- **WORK TO COMPLETE**: Omit the pictures and return every entry exactly as written.

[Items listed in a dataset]
================================

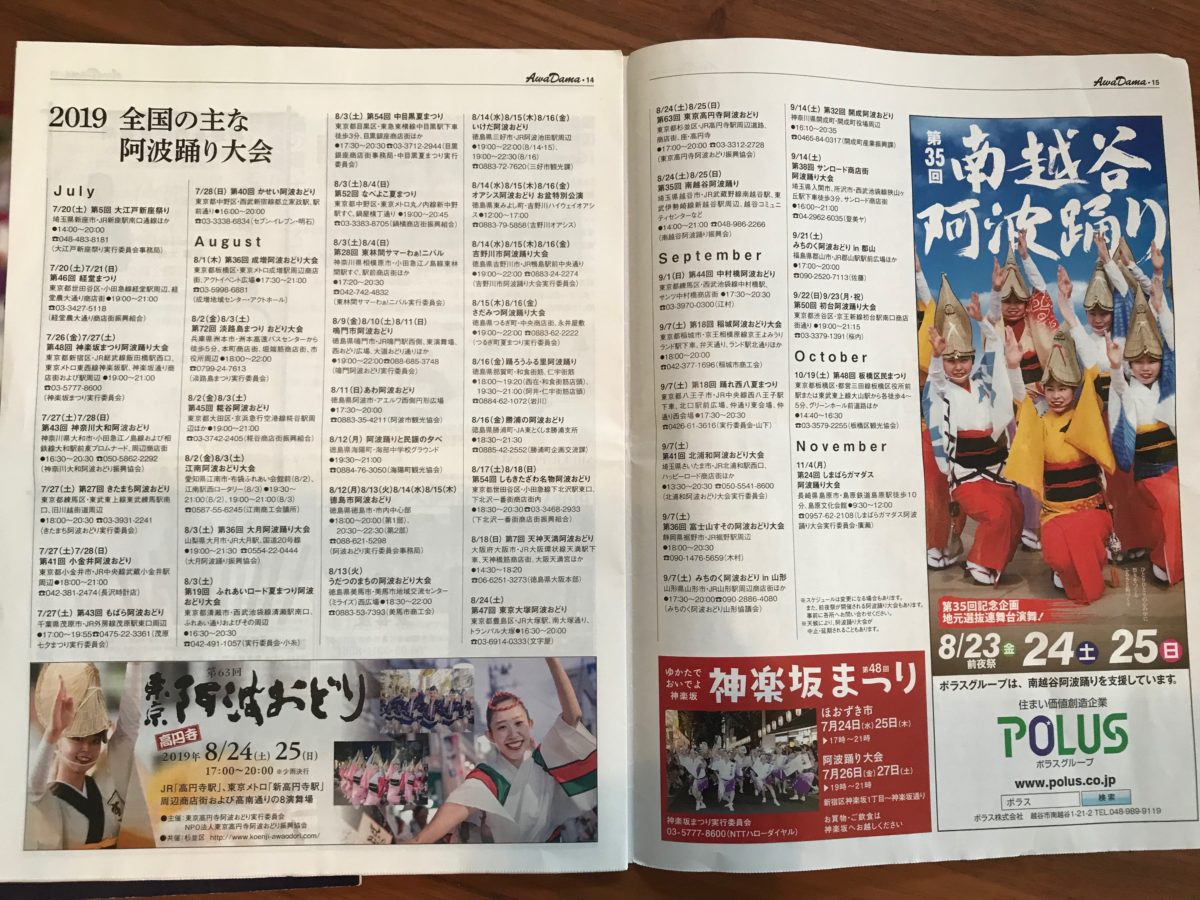 阿波おどり情報誌 Awa Dama(あわだま)には全国の阿波踊り情報が。北海道から九州まで様々な地域で阿波踊り大会が行われている。
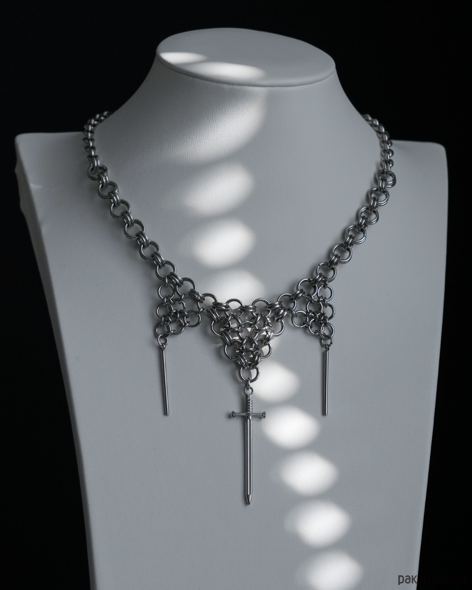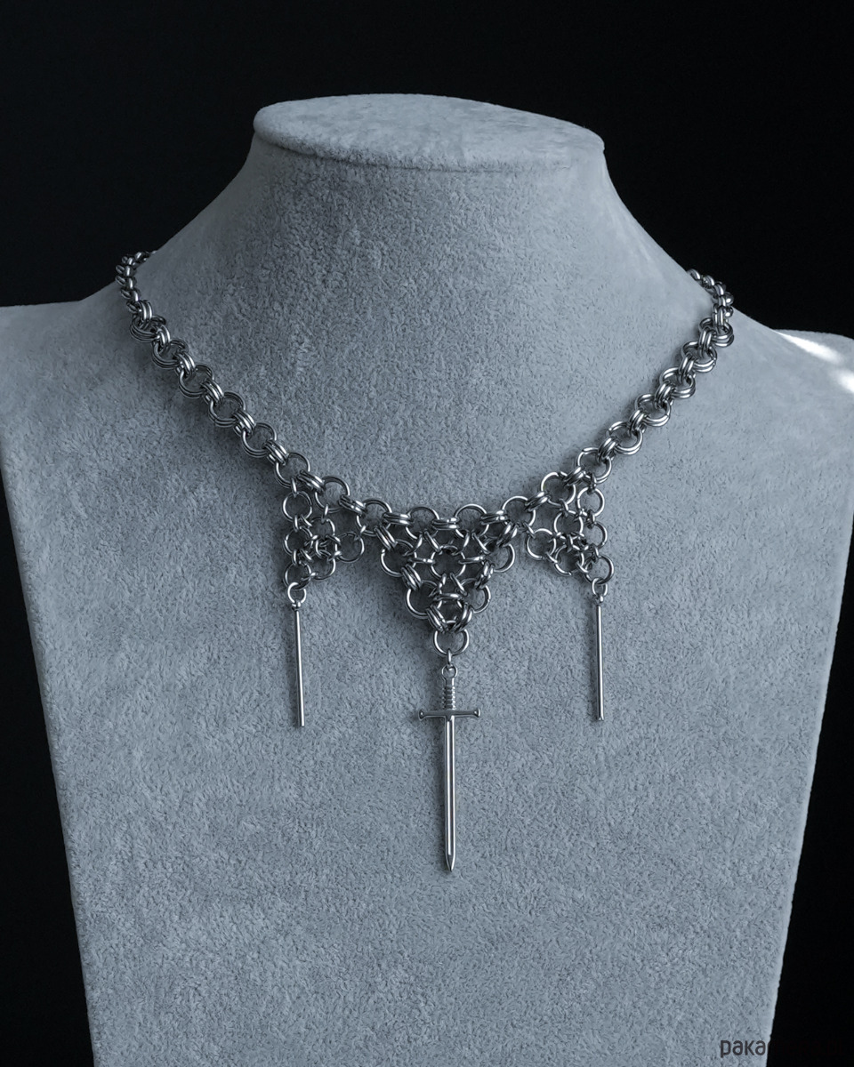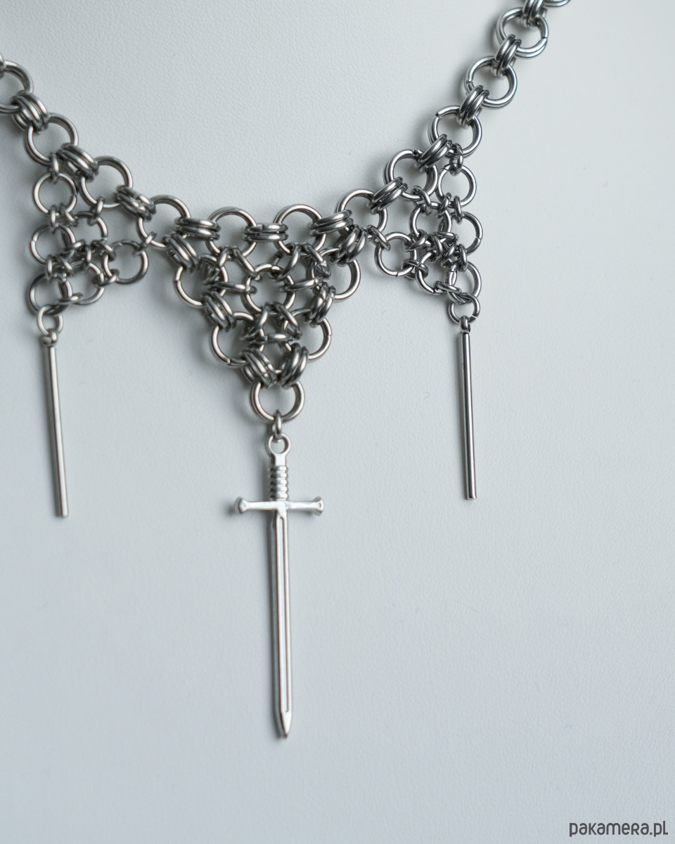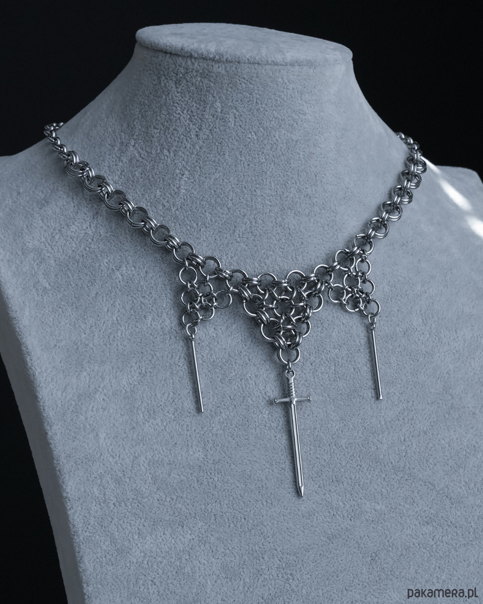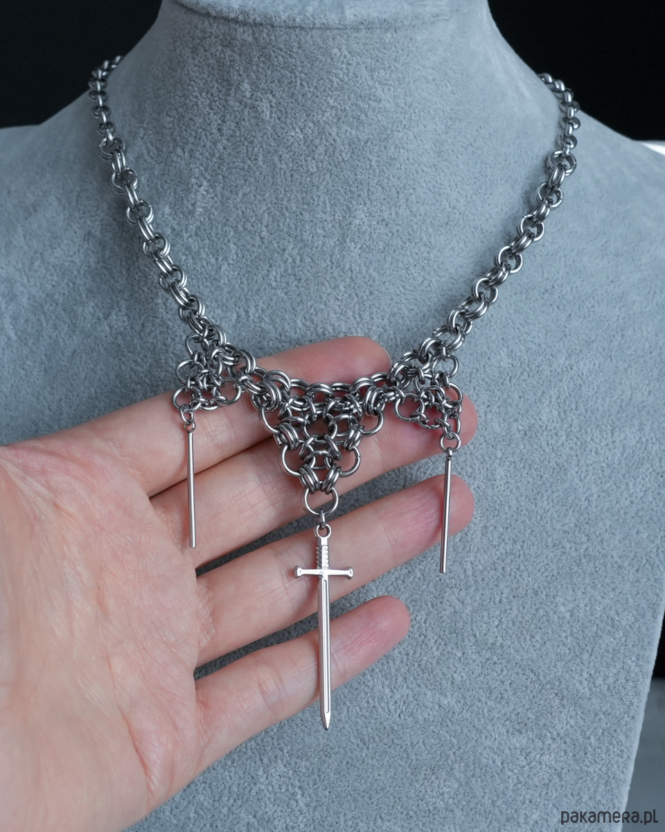 Nowoczesny i oryginalny naszyjnik wykonany ręcznie z wykorzystaniem techniki chainmaille. Głównym elementem naszyjnika jest zawieszka w kształcie miecza.
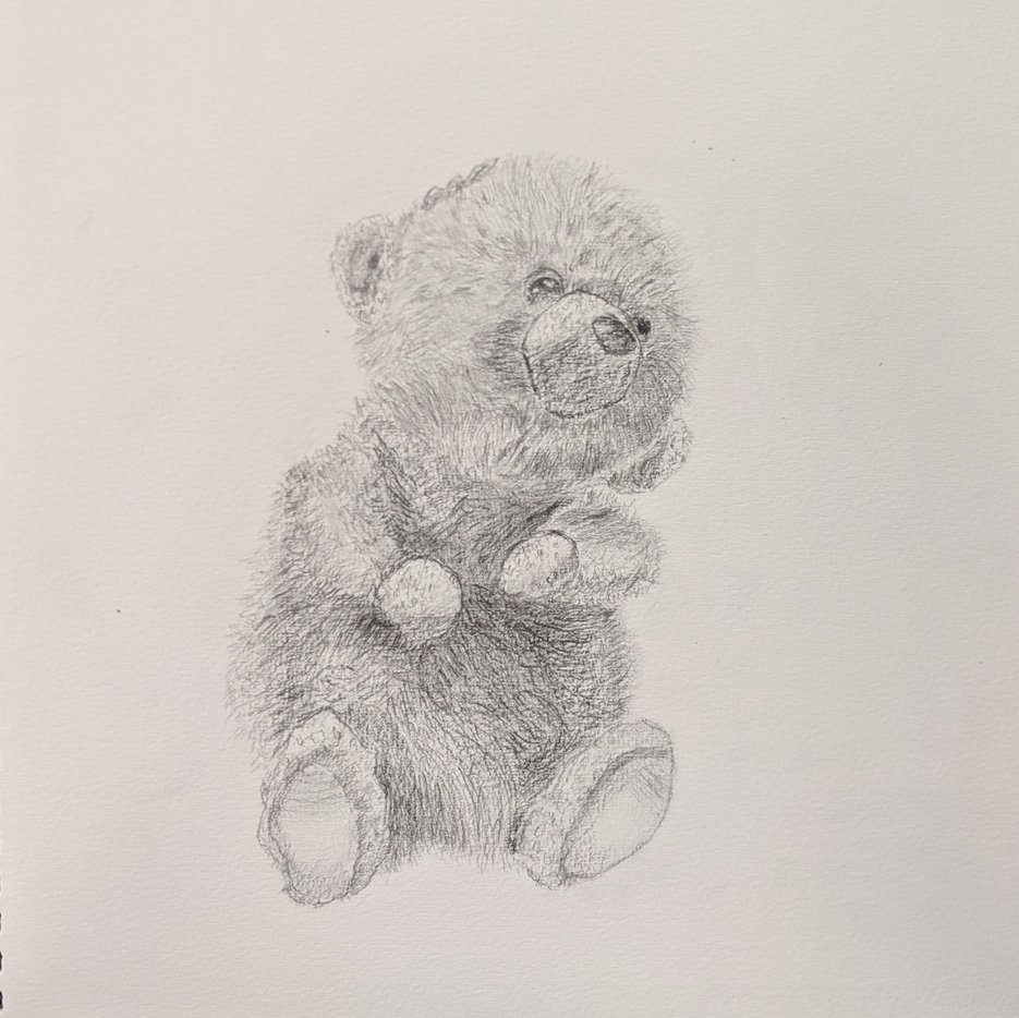 毛並みがフサフサしたぬいぐるみ(実物)を描きました。
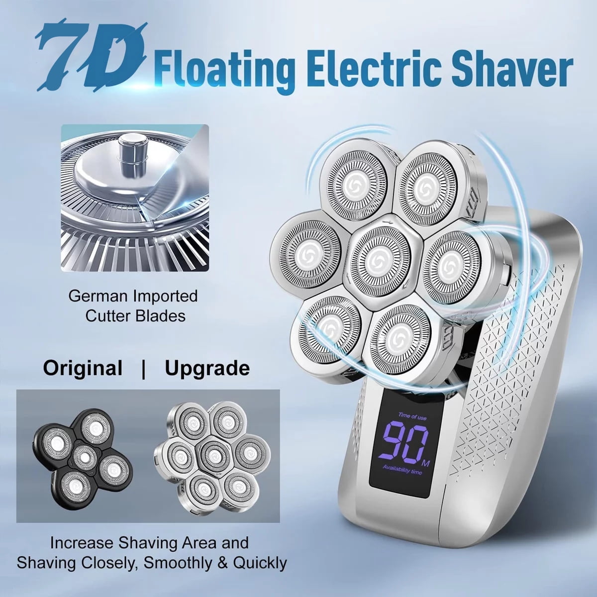 Say goodbye to uneven shaves and hello to a clean, fresh look with VANELC Head Shaver. Trust us to provide you with the ultimate grooming experience. HIGHLIGTHS: MAGNETIC ATTACHMENT DESIGN: The magnetic attachment design with 7 blade heads allows for easy removal and cleaning. With just a simple step, you can effortlessly detach the blade heads, making cleaning a breeze. This design ensures hygiene and cleanliness, providing you with a sanitary shaving experience every time. FLOATING BLADE DESIGN: We have incorporated a floating blade design to better conform to the contours of your skin. Unlike traditional products, our floating blade technology adapts to the facial contours and curves, delivering a comfortable and precise shaving experience. This means smoother movements, reduced discomfort, and minimized friction, resulting in a closer and more accurate shave. DOUBLE BLADE & PROTECTIVE NET – Bald head shaver for men uses double-layer durable blade to accurately capture long and short hairs, which are precise, sharp and safe. The double net provides protection and reduces irritation. The intelligent induction system effectively prevents hair pinching. WET & DRY SHAVER – Our head and face electric razor shaver uses water resistance technology, allowing you to shave in the shower under running water. Wet shave with cream, gel, or foam or dry shave. No matter what, it allows you a comfortable dry shave or a refreshing wet shave. Detachable and washable head makes you easy to clean it. USB CHARGING & LED DISPLAY – 7D head shaver supports various USB devices for charging, 2 hours of fast charging can provide 90 minutes of working time. The bald head shaver for men with LED Display which you could easily check the power percentage. Low battery reminder, water washing reminder more intelligent. 100% SATISFACTION GUARANTEE – Professional 5 in 1 Grooming Kit, Different types of head razor shaver accessories meet all your personal facial shaving needs for beard and hair. At VANELC, we provide 1 year warranty and 24/7 Service. If you encounter any problems during use 7D electric head shaver, please feel free to contact us. Including a Variety of Accessories: Hair clipper Hair clipper comb (3/5/7mm) Nose hair trimmer Facial cleaning brush and massager Cleaning brush USB charging cable
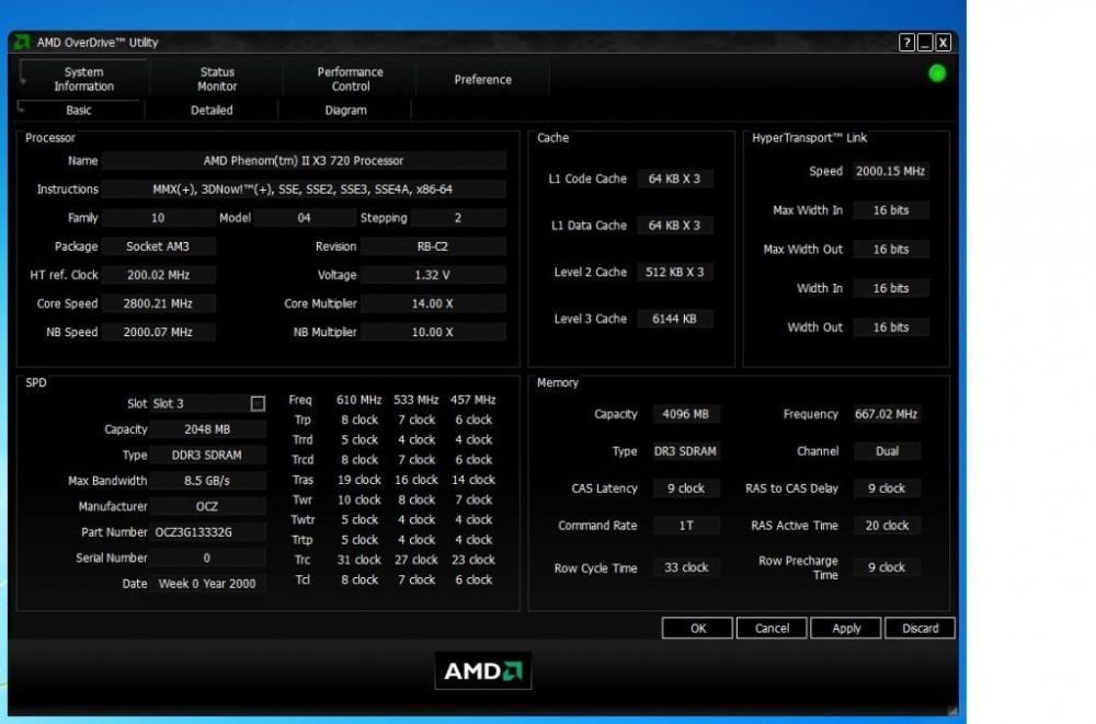 RAMON - o HT 2.0 liberado até o momento nos Phenon II chega até 8 GB/s ou seja corresponde à velocidade de 533MHz na memória. Quando se utiliza uma memória de 667MHz (10,6GB/s) este excedente não é aproveitado pelo processador. O único modo de aproveitar esta banda é em OC. Contudo não sei se é possível aumentar 25% do clock básico do processador. Se alguém conseguir fazer isto na A790GMX-AD3, poste as configurações que eu irei tentar também. PS meu computador é Windows Seven 32 Bits / Placa mãe: A790GMX-AD3 / Proc: Phenon II X3 720 / Memória: 2x2Gb DDR3 1333Mhz OCZ Gold Series / HD: Seagate 7200.11 1.5TB Sata II / Monitor: LG 2353 FullHD 2 ms

================================

- **OUTPUT OF THE TASK**:
 阿波おどり情報誌 Awa Dama(あわだま)には全国の阿波踊り情報が。北海道から九州まで様々な地域で阿波踊り大会が行われている。
 Nowoczesny i oryginalny naszyjnik wykonany ręcznie z wykorzystaniem techniki chainmaille. Głównym elementem naszyjnika jest zawieszka w kształcie miecza.
 毛並みがフサフサしたぬいぐるみ(実物)を描きました。
 Say goodbye to uneven shaves and hello to a clean, fresh look with VANELC Head Shaver. Trust us to provide you with the ultimate grooming experience. HIGHLIGTHS: MAGNETIC ATTACHMENT DESIGN: The magnetic attachment design with 7 blade heads allows for easy removal and cleaning. With just a simple step, you can effortlessly detach the blade heads, making cleaning a breeze. This design ensures hygiene and cleanliness, providing you with a sanitary shaving experience every time. FLOATING BLADE DESIGN: We have incorporated a floating blade design to better conform to the contours of your skin. Unlike traditional products, our floating blade technology adapts to the facial contours and curves, delivering a comfortable and precise shaving experience. This means smoother movements, reduced discomfort, and minimized friction, resulting in a closer and more accurate shave. DOUBLE BLADE & PROTECTIVE NET – Bald head shaver for men uses double-layer durable blade to accurately capture long and short hairs, which are precise, sharp and safe. The double net provides protection and reduces irritation. The intelligent induction system effectively prevents hair pinching. WET & DRY SHAVER – Our head and face electric razor shaver uses water resistance technology, allowing you to shave in the shower under running water. Wet shave with cream, gel, or foam or dry shave. No matter what, it allows you a comfortable dry shave or a refreshing wet shave. Detachable and washable head makes you easy to clean it. USB CHARGING & LED DISPLAY – 7D head shaver supports various USB devices for charging, 2 hours of fast charging can provide 90 minutes of working time. The bald head shaver for men with LED Display which you could easily check the power percentage. Low battery reminder, water washing reminder more intelligent. 100% SATISFACTION GUARANTEE – Professional 5 in 1 Grooming Kit, Different types of head razor shaver accessories meet all your personal facial shaving needs for beard and hair. At VANELC, we provide 1 year warranty and 24/7 Service. If you encounter any problems during use 7D electric head shaver, please feel free to contact us. Including a Variety of Accessories: Hair clipper Hair clipper comb (3/5/7mm) Nose hair trimmer Facial cleaning brush and massager Cleaning brush USB charging cable
 RAMON - o HT 2.0 liberado até o momento nos Phenon II chega até 8 GB/s ou seja corresponde à velocidade de 533MHz na memória. Quando se utiliza uma memória de 667MHz (10,6GB/s) este excedente não é aproveitado pelo processador. O único modo de aproveitar esta banda é em OC. Contudo não sei se é possível aumentar 25% do clock básico do processador. Se alguém conseguir fazer isto na A790GMX-AD3, poste as configurações que eu irei tentar também. PS meu computador é Windows Seven 32 Bits / Placa mãe: A790GMX-AD3 / Proc: Phenon II X3 720 / Memória: 2x2Gb DDR3 1333Mhz OCZ Gold Series / HD: Seagate 7200.11 1.5TB Sata II / Monitor: LG 2353 FullHD 2 ms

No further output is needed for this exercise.